Upon returning home, I leaned against my husband and fell asleep. My prayer was that the child would not come during our trek to return Aldan to his mother’s house, over an hour away. Two hours later, I woke up with searing pain. My husband was groggy and skeptical about making another trip to the hospital when my water still had not ruptured, but I committed myself to deliver my son that morning. We woke the other two children and headed to the hospital yet again only to discover that I was technically no further along than I’d been earlier in the day. Fortunately, the nurse suggested that I walk and agreed to check me again in an hour. She directed us to a stairwell with the wisdom that the stepping motion would help open my body and encourage the labor’s progression. My husband and children entered it with me, but the door closed behind us and we found ourselves trapped.

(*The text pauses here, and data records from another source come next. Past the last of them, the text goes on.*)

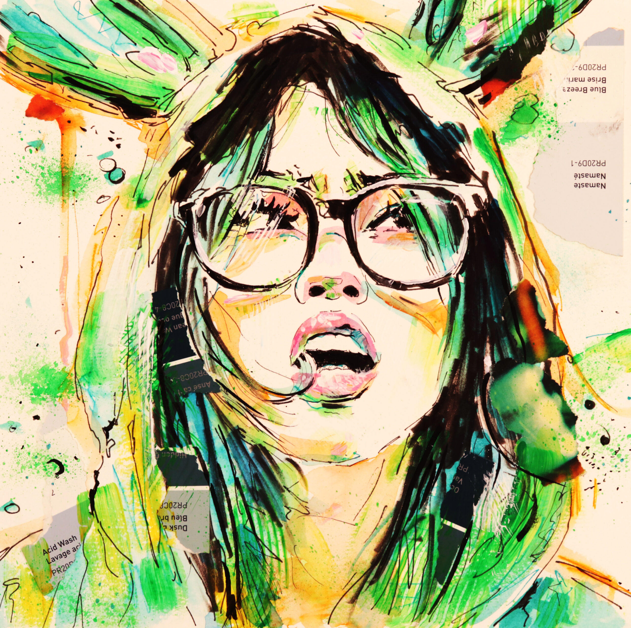 mixed media and paper on board
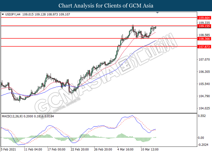 USDJPY, H4: USDJPY was traded higher while currently testing the resistance level at 119.15. MACD which illustrated bullish bias momentum signal suggest the pair to extend its gains after it successfully breakout above the resistance level at 109.15.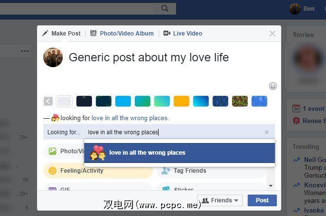 最基本的状态更新仅包括文字-只需输入您的想法,然后点击发布即可分享。如果需要更多技巧,可以使用文本框下方的怪异模式之一将帖子放置在背景上。不过,这仅适用于短篇文章。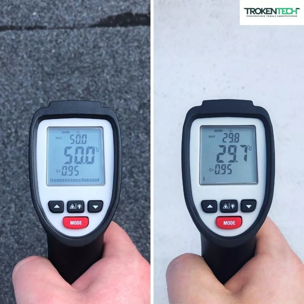 Jasne kolory, takie jak biel i szarość, zapewniają największe korzyści: redukcję nagrzewania powierzchni, lepszą efektywność energetyczną oraz dłuższą żywotność warstwy hydroizolacyjnej. Jeśli jednak projekt wymaga kolorów ciemniejszych, możesz śmiało wybrać czerwony tlenkowy lub mahoniowy brąz – niezależnie od koloru otrzymasz równie trwałą, w pełni wodoszczelną membranę polimocznikową.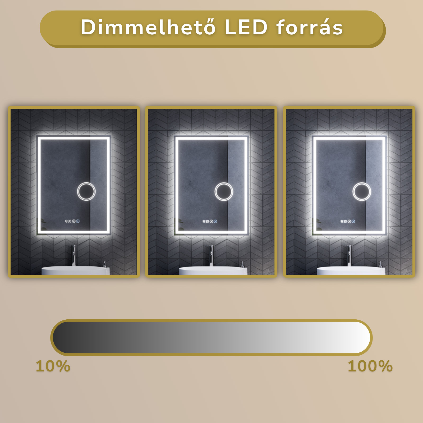A tükör LED világítással rendelkezik, amely 3 féle színhőmérsékletet biztosít: meleg, semleges és hideg fehér.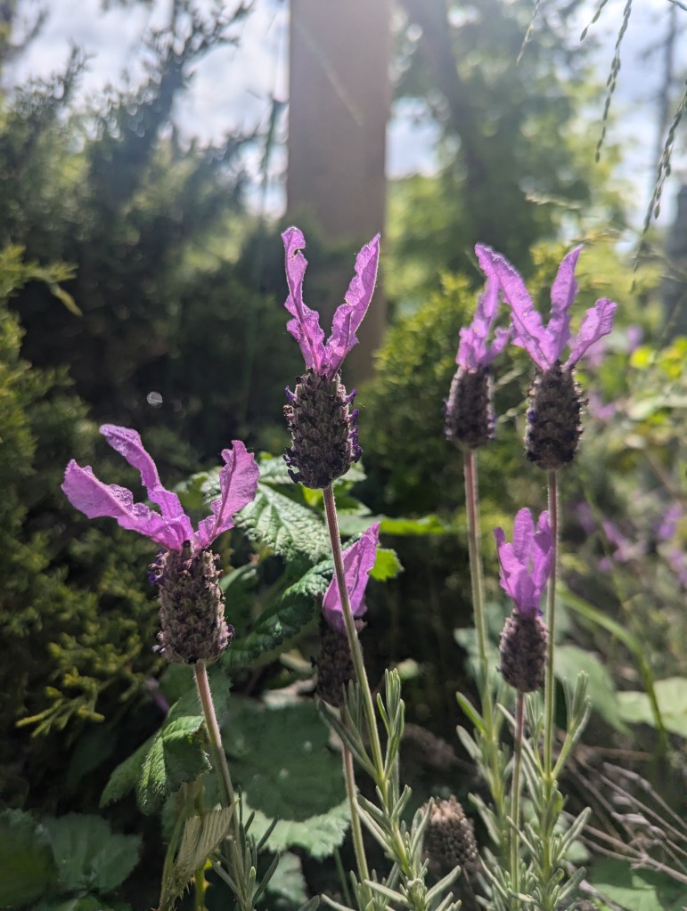 1. Lavandula stoechas, Spanish lavender posed for this picture, which was not adequate for the gardening column, but is too pretty to delete without sharing here. It looks like it is about to fly away with those long wings. A bee posed with it for the gardening column.

Puzzled security officials freed us from what, apparently, was a restricted area. I spent the rest of my hour walking in circles as I had the night before. I could see blue and pink ribbons adhered to doors all around me and envisioned myself within one of the rooms, a beautiful blue ribbon on my door. This vision became my goal. When I returned to be checked again, I had progressed to 5 centimeters, the halfway point, and the line at which natural birthing moms may enter a hospital. I was admitted with my husband and children by my side. A series of quick questions followed, I refused an unnecessary antibiotic and asked permission to walk around the nurses’ station because walking was helping things progress and helping me manage pain. Thankfully, the staff obliged.

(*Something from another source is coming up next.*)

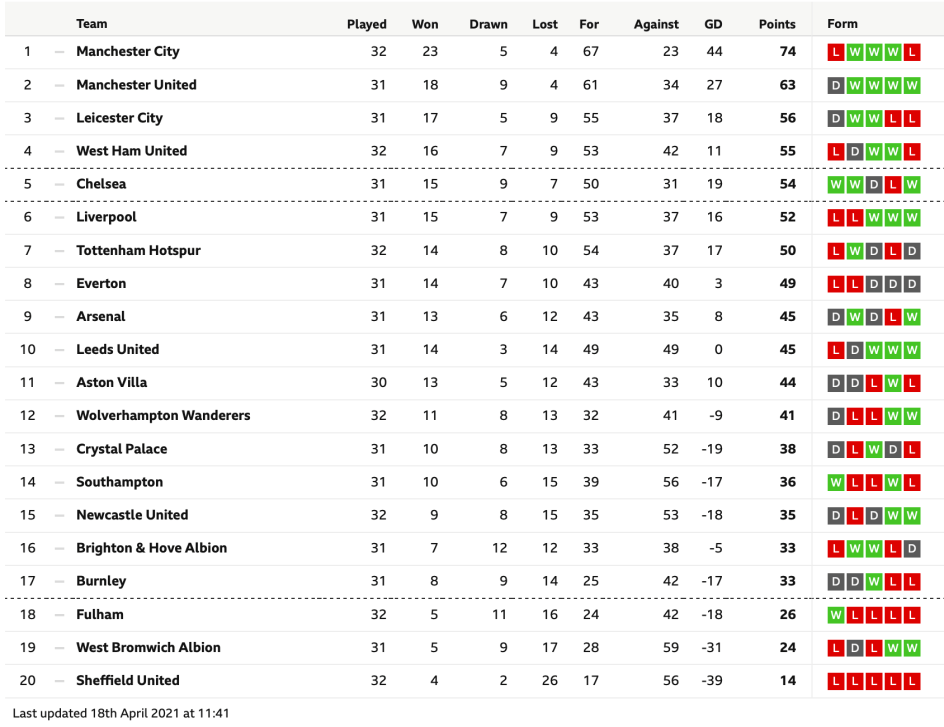ManUnited berupaya memperkecil jarak dengan ManCity, pemuncak klasemen sementara Liga Premier menjadi delapan poin. ManCity baru saja kalah dari Chelsea dalam semi final Piala FA, Sabtu (17/4/2021) malam WIB. Kemenangan MU atas Burnley akan menjauhkan jarak dengan Leicester City di peringkat ketiga menjadi 10 poin — yang pada Senin (19/4/2021) dinihari WIB berhadapan dengan Southampton dalam laga Piala FA.

Unlike with my daughter, this time I was left to face most of my pain alone. Fortunately, her beautiful and long 39 hour, 42 minute labor had prepared me for the task. My husband was occupied in the hospital room keeping watch over my stepson sleeping on a cot and our daughter sleeping in his arms. I was content to walk, slowly but steadily in a circle, occasionally kneeling on all fours to manage my pain. After an hour of this, I heard my father’s voice. During my daughter’s birth, he’d been afraid. This time, he simply followed me, rubbing my back when I dropped to the ground, walking with me when I raised up again. One more hour passed, and I returned to the room. My father walked the halls with my daughter now, and my stepson continued to lie dreaming on his cot. Sitting cross-legged, I fell forward into my husband’s lap with each contraction and began to consider drugs. Without telling anyone my fears, I asked to be checked again. I was a 9, almost the magic number. My worries shattered in the form of tear drops and shaky laughter. My best friend, my husband, cried joyful tears with me and announced that I was in transition, that stage toward the end of labor when a woman realizes that the very moment when she can take no more is also the last moment she has to. My hope was new again.

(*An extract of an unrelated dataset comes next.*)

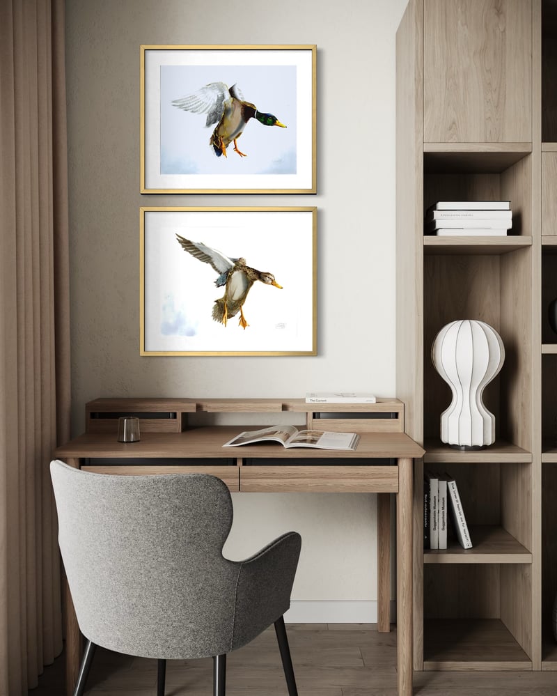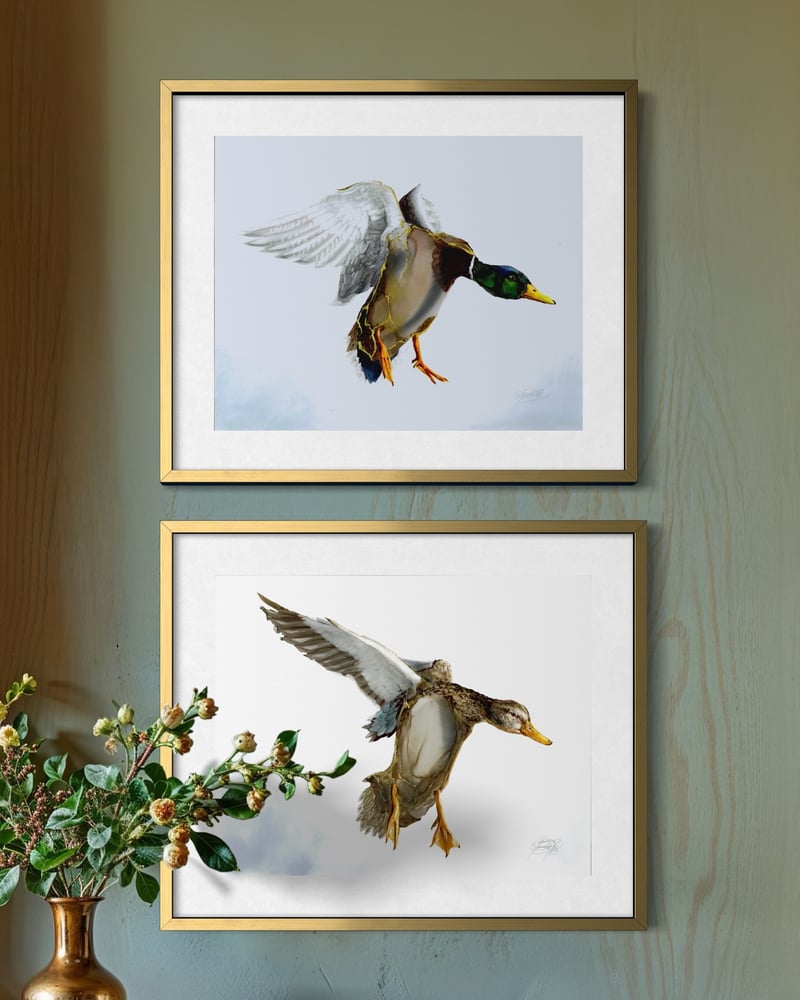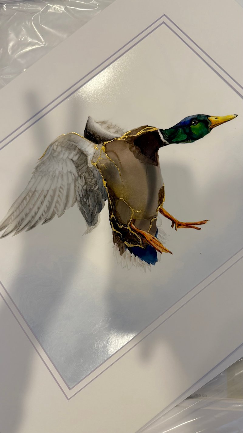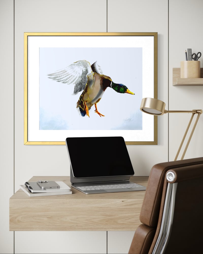 Male mallard duck making its landing, created with Alcohol Ink technique with 24K details on feathers, on bright white Legion heavy Yupo synthetic paper, 144 lb (390 gms).

The next few minutes passed quickly. The nurses informed me that my doctor was not answering his beeper. Another doctor fascinated by natural childbirth introduced himself. Then his beeper called him away. A third showed up at the door and said he’d be present should I need him. About that time, I screamed deeply, "The baby is coming now!" Aldan, at last, awoke. Like a bullet, he ran from the room to join his sister and my father in the hall. Nurses fumbled with a squat bar, and I assumed an untraditional position. Rather than emerging from the front of my body into my husband’s waiting arms as Kyra Lena had, this child would fly out swiftly from behind. My husband held my hands, locked eyes with me and quickly assumed the role of a cross country coach urging me toward the finish line. My mother entered the room to announce her arrival and then, very swiftly, was gone. I remember the look of her feet in black sandals stepping gingerly across the floor. The third doctor, who never left my doorway, prepared for the unusual task of catching my child from an unfamiliar direction. With a few strong pushes, my son emerged, still encased in his caul, his water unbroken--a sign of what folk healers say is second sight, healing power, a charmed life. We had already decided to name him Christopher, in honor of my husband. However, like my husband, we knew we’d call him by his middle name. After a couple days’ consideration, we chose Valor. Gazing in his shining eyes, I know I hold courage in my arms.